Quantum Dots and Nanoprobes for Bioimaging
(Springer Science and Business Media Deutschland GmbH, 2025) Raj Kumar; Devinder Kumar; Sunil Dutt; Pankaj Kalia; Brijesh Pawan Kumar
The development of bioimaging with novel visualisation techniques to track biological processes and enhance illness detection has been aided by quantum dots (QDs) and nanoprobes. The non-invasive analysis of anatomical and functional aspects made possible by advances in bioimaging technology has completely changed medical diagnosis. Before the discovery of quantum confinement increased the potential uses of QDs in bioimaging and sensing, their research was originally concentrated on semiconductor LED applications.
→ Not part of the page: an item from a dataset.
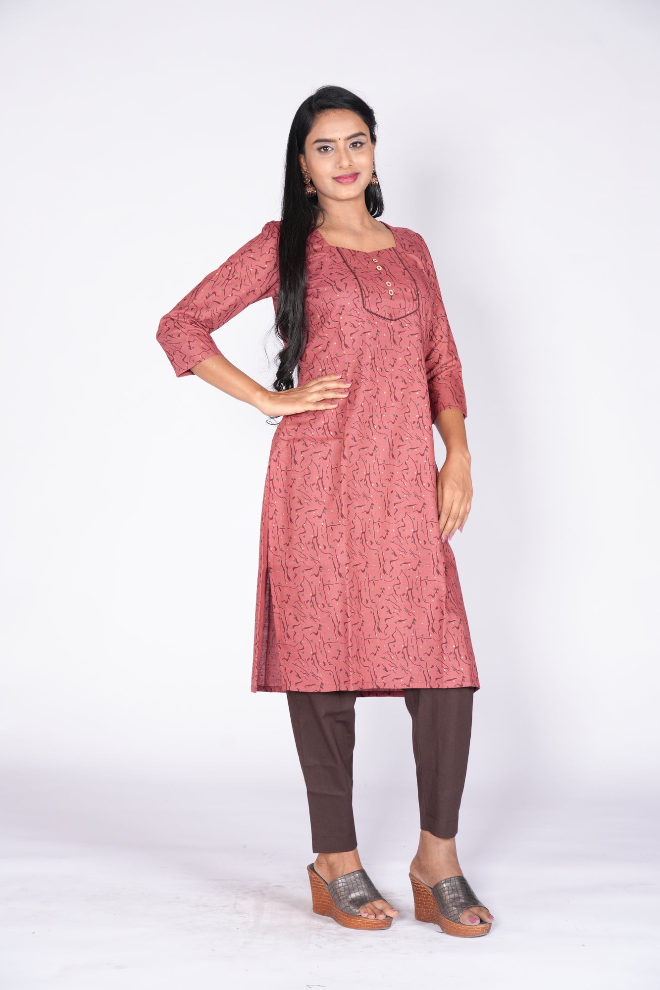 - Knee-length Maroon Design Kurti for everyday elegance.

Nanoprobes have altered and revolutionised biomedical/clinical diagnostics as well as medical diagnostics (biomedicine) by imaging not only at the molecular level but also genetically based biochemistry. Significant growth in nanotechnology is crucial, especially in preclinical imaging studies that examine the application of nanoparticles for treatment and diagnosis. The formerly impractical potential of nanomaterial applications is becoming possible attributable to these research and development advances. © The Author(s), under exclusive license to Springer Nature Switzerland AG 2025.